Hi, me again.
Most shows wouldn't be ballsy enough to have an episode titled Jump the Shark. That Supernatural does makes me extraordinarily happy, because (as if The Monster at the End of the Book didn't prove that) they can still poke occasional fun at themselves, and I feel like that's been missing a lot this season. However, I tribute a lot of that to Kim Manners' untimely death because (and I've noticed this from watching not only Supernatural, but his X-Files episodes and his Adventures of Brisco County, Jr episodes) that he brings a real flair even to dry scripts, and this episode could've definitely benefited from his magic touch.
That's not to say that it's a terrible episode, no. It had some really decent parts, and I'm still digesting how it makes me feel about Dean in particular (although I'm really, really leaning towards "DUDE, STFU ALREADY, JESUS!") so all in all, it gets about a B- from me.
My biggest question is why. Why assassinate John Winchester's character (more than he's already done himself?) and contradict everything we've come to know about him?
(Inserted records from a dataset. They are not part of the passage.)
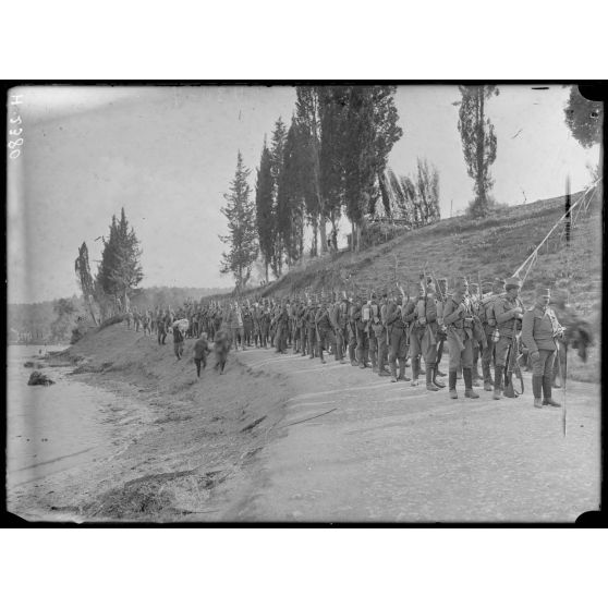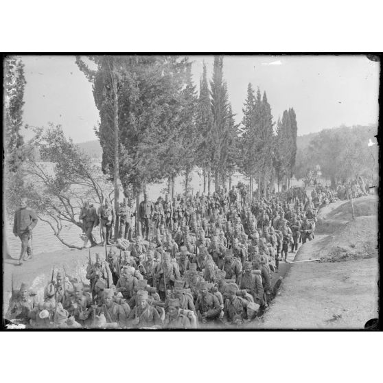Govino. Le 16e Régiment de la division de la Morava attendant son tour d'embarquement.
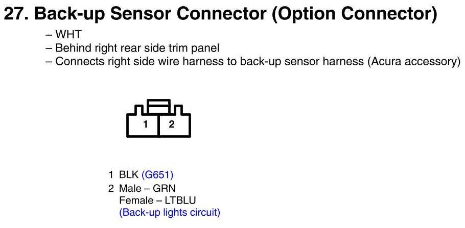 View 27 - Back-up Sensor Connector Connector View (Option Connector)
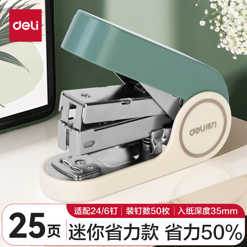 得力TA502迷你省力订书机 适配24/6钉 绿色

I agree with what Sam said in the diner; John was no monk. Nobody can be. But on the flip side of that coin, most of John's strength came from his solitude. Even in Home he was feeling that; sitting on Missouri's couch he was heartbroken, sad, miserable because he'd left his wife's ghost trapped in their Lawrence house and even (at least, because remember Dean said "I'm 26, dude!" in the pilot? And he's born in January?) twenty-seven years later he's still wearing his dead wife's wedding ring.
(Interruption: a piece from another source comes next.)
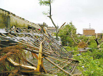 “好嚇人!忽然一陣陣巨響傳來,我馬上呼喚村民快跑!闭f起事情經(jīng)過,村民甄先生驚魂未定。他告訴記者,昨天上午9時(shí)51分,他正在錦屏禮堂里維修,只聽“呼”的一聲巨響,緊跟著狂風(fēng)就吹進(jìn)來,他趕緊去關(guān)門,手一下子就被門夾住了。當(dāng)他跑出大門后看到,村民的房子頂部所有的磚瓦已經(jīng)被掀掉,碎片不斷地跌落地上,強(qiáng)勁的龍卷風(fēng)把他也吹得倒退幾步后跌倒在地。只見木頭四處亂飛,噼里啪啦地在響。一股強(qiáng)風(fēng)一直在房屋附近盤旋,大塊的鐵皮夾著磚頭、瓦塊等在空中飛舞,旋轉(zhuǎn)了幾圈后,“砰”的一聲落了下來。強(qiáng)勁的龍卷風(fēng)大約持續(xù)了3分鐘,所到之處只聽到“呼呼”的勁風(fēng)響。
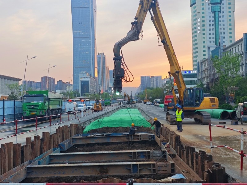 “追求精細(xì)極致,鑄就基坑支護(hù)的穩(wěn)固防線”。項(xiàng)目部將鋼板樁施打質(zhì)量視為確保基坑安全與質(zhì)量的關(guān)鍵環(huán)節(jié),嚴(yán)格執(zhí)行材料準(zhǔn)入制度,所有進(jìn)場鋼板樁均經(jīng)過材質(zhì)證明核查、尺寸精度測量和外觀質(zhì)量檢驗(yàn)三重把關(guān),確保樁身無裂紋、無銹蝕等質(zhì)量缺陷,從源頭上杜絕不合格材料。施工中,施工人員采用全站儀進(jìn)行動(dòng)態(tài)監(jiān)測,嚴(yán)格控制樁身垂直度偏差在規(guī)定范圍內(nèi),詳細(xì)記錄每根樁的打入深度、貫入度等關(guān)鍵參數(shù)。拔樁階段采用專用施工設(shè)備,按照“先支后拆、分段拔除”的原則有序進(jìn)行,拔樁后出現(xiàn)的孔隙立即灌砂,最大限度減少對(duì)周邊土體的擾動(dòng),實(shí)現(xiàn)平穩(wěn)施工與環(huán)境保護(hù)的和諧統(tǒng)一。

I'm not saying that after Mary died he never ever had sex again. I mean, c'mon. John is a full-on hottie, and we've seen from four years of hunting that Dean and Sam have gotten their fair share of "grateful girls" as Sam put it, so it'd be ridiculous to believe that John never dipped his wick again. (Personally, I'm of the belief that he knocked boots with Ellen. But that's just my personal belief.) But that he would father a child, that soon after Mary's death--because Adam was obviously Sam's equivalent, hell, they were even in the same places in school--is just... horrifying.
That soon. 1990, y'all. Which would make Adam... 19 now. Sam would've been 7, Dean 11, so we're looking at roughly (give or take a year) the time frame of Something Wicked (which is also referenced in this episode) and we saw in that episode just how cavalierly John felt about his family (and yes, that was sarcasm.) Dean tells us, in fact, that John dropped them off with Pastor Jim and went back to Wisconsin to finish off the Shtriga, but it was gone, so I assume he just popped on over to Minnesota, knocked up another woman while his kids were terrified and hanging out with Jim? Sorry, that doesn't wash with me.
Considering that Meg and YED both knew all about John's friends (including Caleb and Pastor Jim) and killed them, it makes absolutely no sense that they didn't know about this kid, too, and didn't kill the woman and kid when they were killing their way through everyone else John knew and cared about. And don't even hand me that line, John was trying to protect them, because he was still visiting them. He bought Adam a beer when he was fifteen--that'd be four years ago. Oh, wait. He couldn't have, because that's the time when Dean went to get Sam and Jessica died. That's when they started the hunt for John and the YED because John had gone underground hunting it. So I'm supposed to believe that in the middle of all that, John went to his secret love shack and knocked back a brew with his kid? That, too, doesn't wash with me.
I also don't believe that John would have been stupid enough to do something like have unprotected sex. I mean, he's obviously a smart guy, and one would think (especially in his line of work) that he'd be smart enough to know he can't go around leaving kids in every town. Sure, condoms rip, pills fail, but really, that's stretching my believability a bit.
Lastly? All those pictures of John around the kid's house? His picture on the mother's bedside table? That would really indicate that he was around a lot more than just periodically, and the mother must've had a real hang-up on John. I just... how are we supposed to believe this? How are we supposed to fit this into what we know about John and not go "Huh? We ARE talking about John Winchester, right?"
Irked. That's about the best word I can think of for this episode. It really left me feeling irked, angry, and kind of insulted. On my own behalf and on John's. Because the John I've come to know through the previous four years wouldn't have done this. Bad form, Eric. Bad form.